Saturday, February 6, 2010

Anthropology and History

I picked up India: A History the other day, a book I read while in India to learn a bit about my surroundings. It's a SUPER long and detailed book, about how we know things about India's ancient history from Vedic myths and engravings of rulers on coins. It reminded me about how much I loved Human Origins, an anthropology class about how humans came to be from apes (yes, that is supposed to be inflammatory). I got super excited back then about how humans developed, where the Garden of Eden was, what the "Image of God" was, how humans moved throughout the world, etc.

I then picked up my Basics of Physical Anthropology book and my Africa: A Biography. I've always thought it would be great to learn, not just from the intricacies of history, but the broad strokes and larger stories. How does it all relate to theology? What do we, as 21st century people have to learn from the story of australopithicus, the Bantu migration, the rise and fall of the Maya and many other stories?

So, here are some REALLY basic cool insights and possible things to look into. Thoughts?
-Pangaea, the idea that there was a super continent, then it split apart fits into the idea that when God created oceans it was to split apart the land masses.
-Some 'scholars' have decided that the earth is 6000 years old. Others have decided it is 6 billion years old. Usually the former think that evolution is in the face of God and the later think evolution is truth and God doesn't exist. In reading the beginning of Africa: A Biography it explains the evolution of life, dinosaurs and such before people. The way it went from vegetation to water animals to dinosaurs to mammals works with Genesis. This isn't 'new' to me, but hit me in a new way. Maybe God is that cool...
-Dinosaurs were REALLY big and dominant and the first mammals, who would 'win' the evolution game, were really small - teeth about 1mm in length. Maybe large cultures that try and dominate don't work?

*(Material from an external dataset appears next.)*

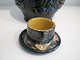 Text available in Danish: Lille lågvase i keramik med blå og brun glasur sgraffito med bløde bølger Stemplet MB 15 over H og 2 sammenslyngede initialer som jeg ikke kan læse. Møller og Bøgely 1917 - 1920 . Højde med låg: 14,5 cm - bredeste diameter: 12 cm. I fin stand med en oprindelig ujævnhed i bunden.

There are very basic thoughts without much sophistication. Hopefully more will come. If you're on Facebook, please go to jesusandlife.blogspot.com to comment!

Peace,

1 comment:

Ariah said...

Interesting insights.

I really have no opinion on the evolution thing, and no problem believing in an old earth.

I do remember Jerry Root talking about new earth, but that God could easily have made the evidence of an aged earth (some analogy about wine barrels if I recall). Don't know if that was his unique theory or anything.